* **Collected material**
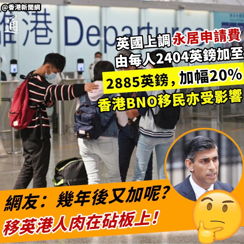 鑒於持BNO簽證移英的港人在英國居留5年後,需申請永久居留,因此亦受加價影響。 另外,其他簽證費用亦有調整,包括投資者簽證從1638英鎊(約15783港元)加至1884英鎊(約18153港元);從境外申請的學生簽證由363英鎊(約3497港元)加至490英鎊(約4721港元)等。 “肉在砧板上。”有香港網友於有關消息的評論區發出靈魂拷問:“幾年後又加呢”? 的確,面對英國不斷上調的各類移民費用,移英港人能撐到何時? “英國多個城巿破產,只有打港人主意。”也有部分網友感嘆,透過英國政府一系列的“騷操作”,可想而知,他們有多窮!
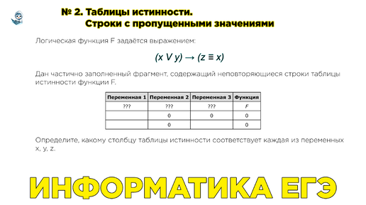 Информатика ЕГЭ. №2.3.1. Таблицы истинности. Строки с пропущенными значениями
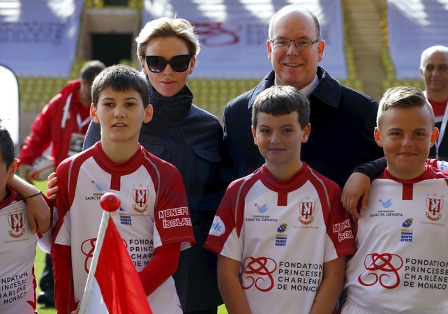 Ksiaze i ksiezna Monako z dziecmii na turnieju rugby - Sainte Devote Rugby Tournament
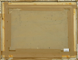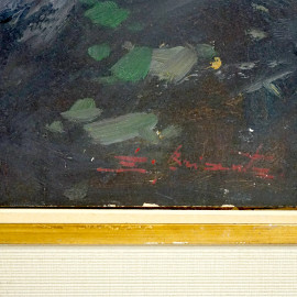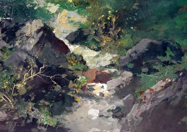 Bosco con ruscello, olio su cartone, firmato in basso a destra, cm 49x70, entro cornice

* **Activity**
Copy every line of the listing above exactly. Leave each picture out.

* **Answer for the task**
 鑒於持BNO簽證移英的港人在英國居留5年後,需申請永久居留,因此亦受加價影響。 另外,其他簽證費用亦有調整,包括投資者簽證從1638英鎊(約15783港元)加至1884英鎊(約18153港元);從境外申請的學生簽證由363英鎊(約3497港元)加至490英鎊(約4721港元)等。 “肉在砧板上。”有香港網友於有關消息的評論區發出靈魂拷問:“幾年後又加呢”? 的確,面對英國不斷上調的各類移民費用,移英港人能撐到何時? “英國多個城巿破產,只有打港人主意。”也有部分網友感嘆,透過英國政府一系列的“騷操作”,可想而知,他們有多窮!
 Информатика ЕГЭ. №2.3.1. Таблицы истинности. Строки с пропущенными значениями
 Ksiaze i ksiezna Monako z dziecmii na turnieju rugby - Sainte Devote Rugby Tournament
 Bosco con ruscello, olio su cartone, firmato in basso a destra, cm 49x70, entro cornice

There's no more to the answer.